The claims in the patent limited the surfactant to a tall fatty acid. The specification of the '352 patent, however, disclosed the surfactant as any fatty acid having at least a saturated or unsaturated four carbon alkyl backbone optionally containing at least one functional group. Additionally, the specification discloses a functionalized C8 alkyl fatty acid as advantageous; the fatty acid was not claimed and the advantages of this fatty acid is not disclosed or taught by actual or constructive reduction to practice. The specification defines the improved method as treating hot caustic Bayer process green liquor with a surfactant/oil blend. The specification does not teach, describe, or remotely suggest that the length of the carbon chain of the fatty acid is a factor imparting novelty. Two commercial crystal growth modifiers having fatty acid chains of greater than ten carbons were commercialized and are referred to as Commercial Product 1 and Commercial Product 2 in examples exemplifying the inventive step of teaching fatty acid chain length in improved aluminum hydroxide production. The '352 parent discloses a genus of fatty acids in oil that result in an improved commercial product. The fatty acid composition described herein is directed to a fatty acid species imparting unexpected results from those described in the genus patent.

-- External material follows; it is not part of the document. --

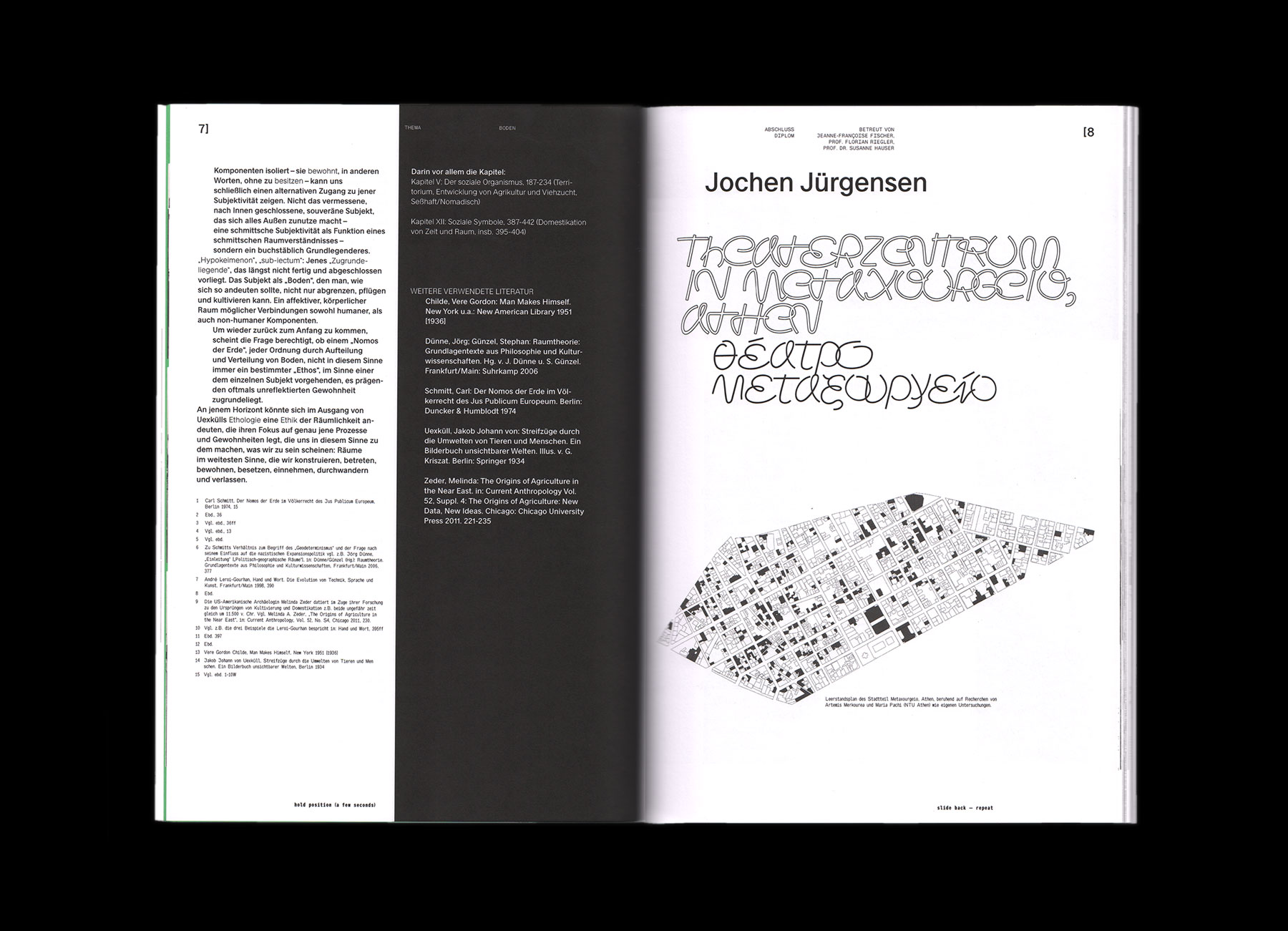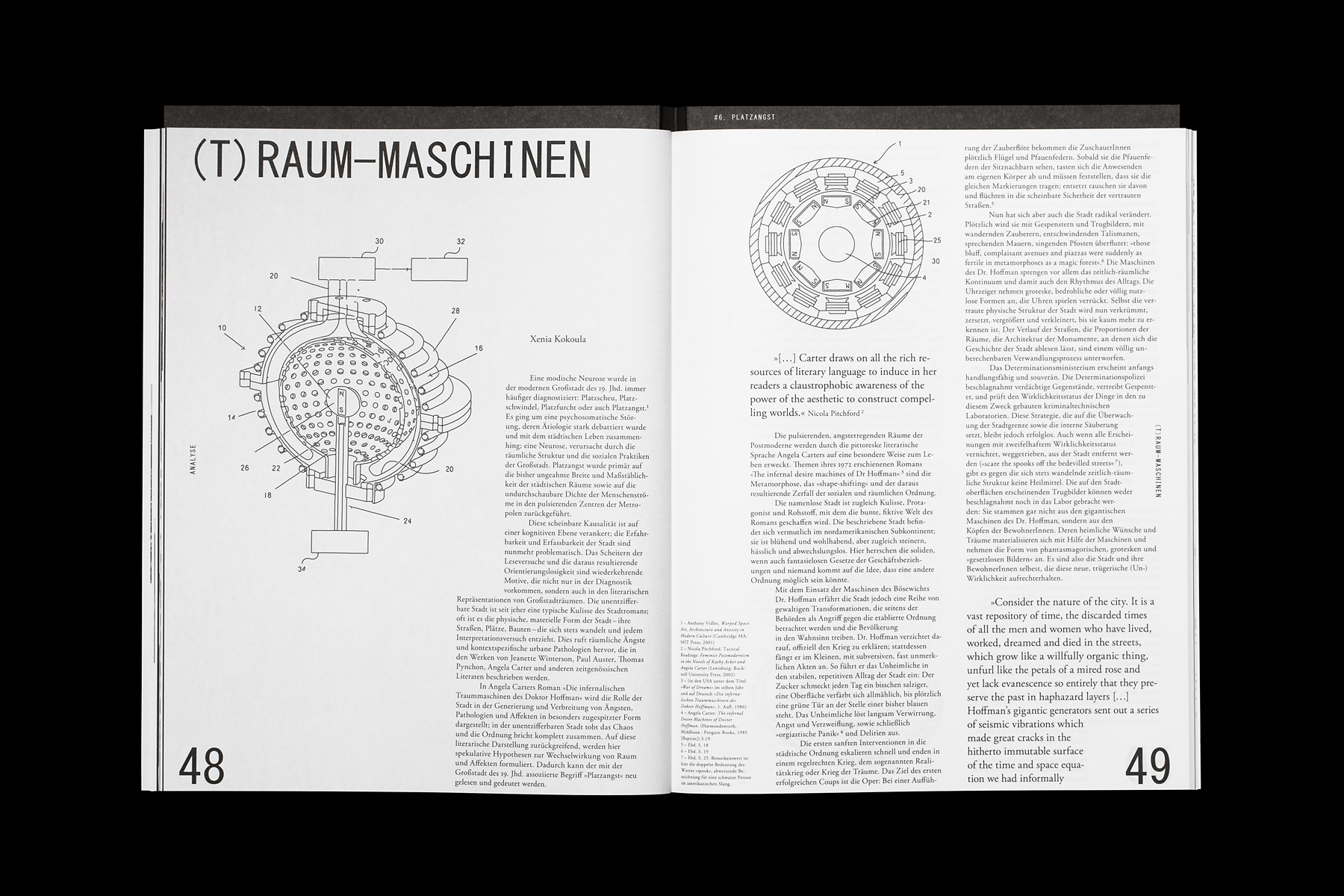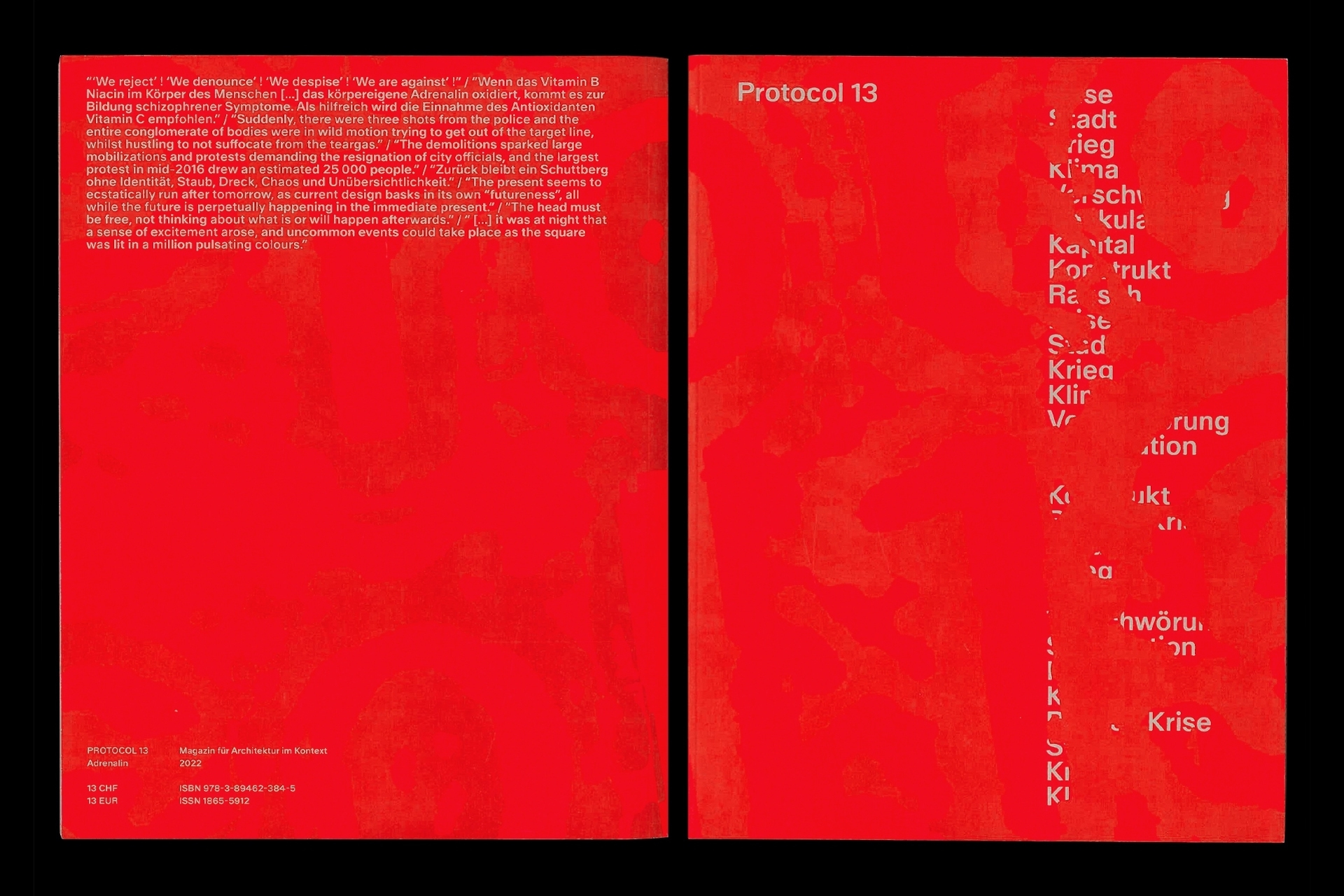 "'We reject' ! 'We denounce' ! 'We despise'! 'We are against'!" / "Wenn das Vitamin B Niacin im Körper des Menschen [.] das körpereigene Adrenalin oxidiert, kommt es zur Bildung schizophrener Symptome. Als hilfreich wird die Einnahme des Antioxidanten Vitamin C empfohlen." | "Suddenly, there were three shots from the police and the entire conglomerate of bodies were in wild motion trying to get out of the target line, whilst hustling to not suffocate from the teargas." / "The demolitions sparked large mobilizations and protests demanding the resignation of city officials, and the largest protest in mid-2016 drew an estimated 25 000 people." / "Zurück bleibt ein Schuttberg ohne Identität, Staub, Dreck, Chaos und Unübersichtlichkeit." / "The present seems to ecstatically run after tomorrow, as current design basks in its own "futureness", all while the future is perpetually happening in the immediate present." /"The head must be free, not thinking about what is or will happen afterwards." /"[.] it was at night that a sense of excitement arose, and uncommon events could take place as the square was lit in a million pulsating colours."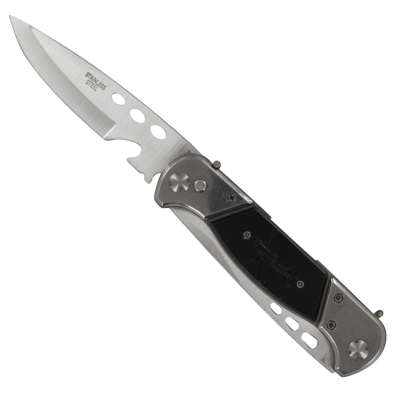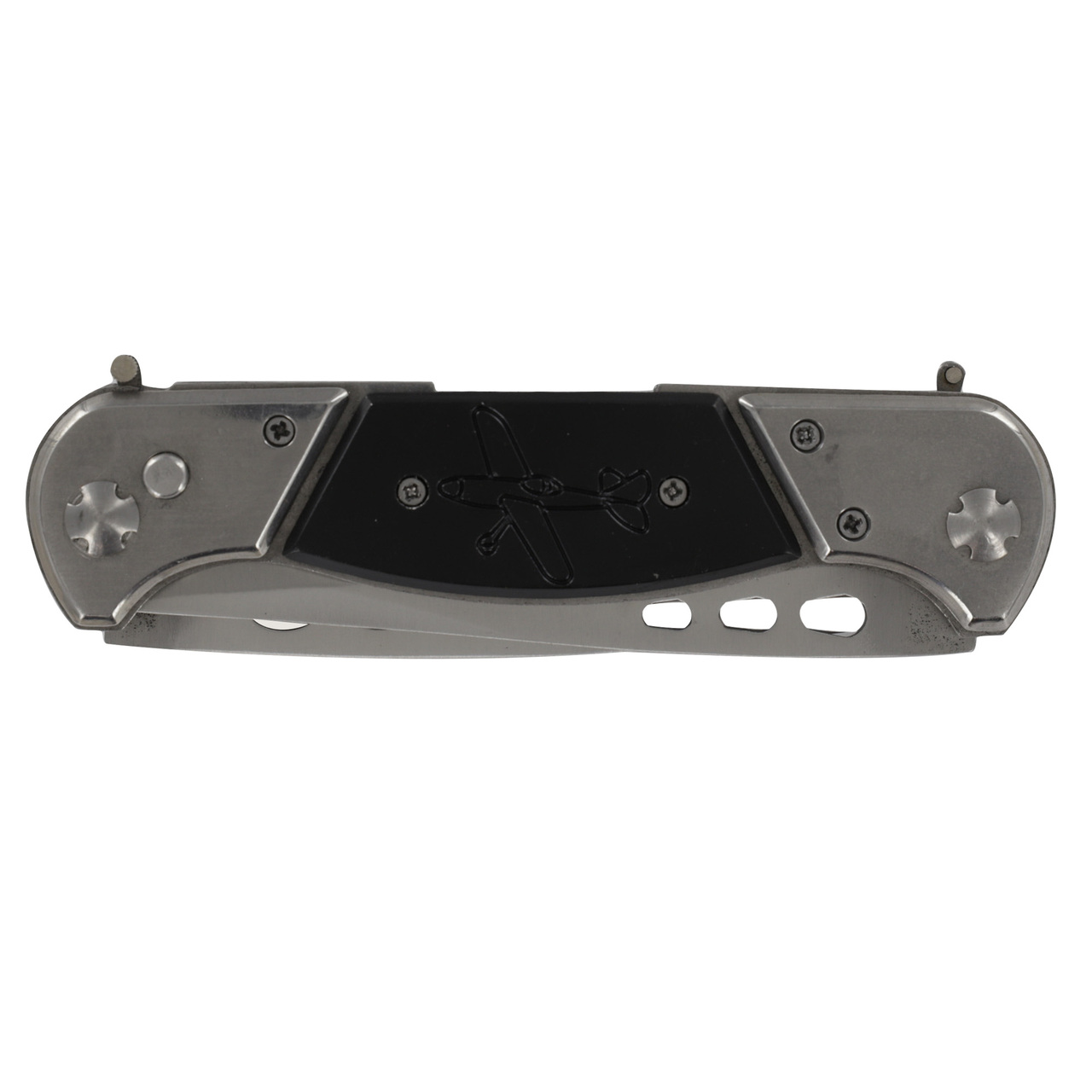 The handle features a double-walled steel construction and 2 sturdy black ABS mounts that depict a fighter plane on either side. A switch on the side of the handle is a locking mechanism to prevent accidental opening. Pushing the buttons on either side of the handle will open its corresponding blade. On one side is a lip point lade, and on the other is a traditional drop point. These blades are both made from sturdy stainless steel, and the drop point blade features a bottle opener is case of emergency. Included with your purchase is a free blade nylon sheath with belt loop so you can carry your new knife in style. Blade Length: Clip Point Blade: 4.25 inches, Drop Point Blade: 4.25 inches

The limitations of yield and particle size of alumina recovered from Bayer process liquors are also disclosed in U.S. Pat. No. 6,168,767 (hereinafter the '767 patent) entitled “Production of Alumina” assigned to Ciba Specialty Chemicals Water Treatments Limited. A water-soluble crystallization modifier formulation is disclosed comprising a first composition of a polyalkoxylated non-ionic surfactant and a second composition comprising a surfactant, or a precursor thereof, which is not polyalkoxylated. Ethylene oxide (EO) units are identified as essential components of the formulation in the polyalkoxylated non-ionic surfactant, preferably, ethylene oxide and propylene oxide (PO) units which form an ethylene oxide-propylene oxide block copolymer. The '767 patent discloses a composition which contains “substantially no mineral oil or silicone oil” and emphasizes regularly that the “advantage of the crystallization modifiers . . . is that they do not require the presence of oils.” (e.g., see column 2, lines 21-25; col. 4, lines 25-35; col. 5, lines 21-33). The cost effectiveness of these components and their acceptance when compared to the surfactant/oil blends used in the majority of crystallization modifier formulations in most Bayer processing plants today remains questionable.
Also affecting the particle size and product yield parameters in alumina recovery is the presence of oxalate in the pregnant liquor. Oxalate is a contaminate that can act as a seed site resulting in too many small hydroxide crystals, thereby lowering average particle size. Further, screening processes intended to remove oxalate impurities also remove alumina, thereby reducing product yield. These phenomena must be considered in any recovery process.
Despite efforts to satisfy the demands made by continuous and ongoing development of the Bayer process worldwide, the industry needs for an improved alumina product remain unfulfilled.